#### Work item
Find the line in the entries below that contains "Nardo Orange with". Repeat it exactly, and every line after it through the line that contains "These elementary students".

#### Raw data

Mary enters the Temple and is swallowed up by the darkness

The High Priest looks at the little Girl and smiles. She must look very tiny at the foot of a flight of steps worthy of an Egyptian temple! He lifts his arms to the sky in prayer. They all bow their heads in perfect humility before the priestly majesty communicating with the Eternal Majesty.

--

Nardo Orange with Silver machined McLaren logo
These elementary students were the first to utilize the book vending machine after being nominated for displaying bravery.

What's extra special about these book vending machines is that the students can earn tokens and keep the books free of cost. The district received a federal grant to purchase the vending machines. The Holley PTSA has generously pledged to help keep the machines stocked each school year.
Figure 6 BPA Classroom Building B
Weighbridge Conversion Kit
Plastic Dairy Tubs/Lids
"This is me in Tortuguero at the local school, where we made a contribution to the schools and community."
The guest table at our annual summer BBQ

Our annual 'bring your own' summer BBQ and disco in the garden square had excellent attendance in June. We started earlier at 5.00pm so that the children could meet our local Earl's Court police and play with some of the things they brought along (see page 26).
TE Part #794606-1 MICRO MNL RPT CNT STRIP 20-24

---

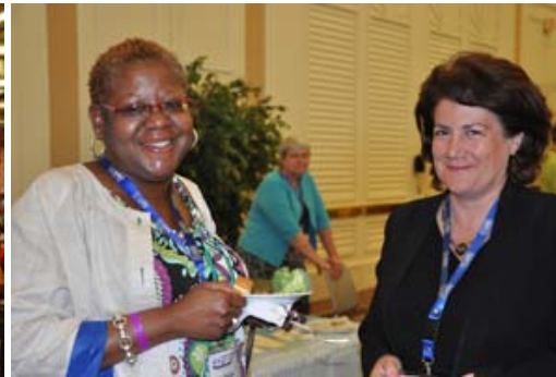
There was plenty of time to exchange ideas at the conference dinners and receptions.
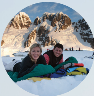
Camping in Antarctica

#### Written solution
Nardo Orange with Silver machined McLaren logo
These elementary students were the first to utilize the book vending machine after being nominated for displaying bravery.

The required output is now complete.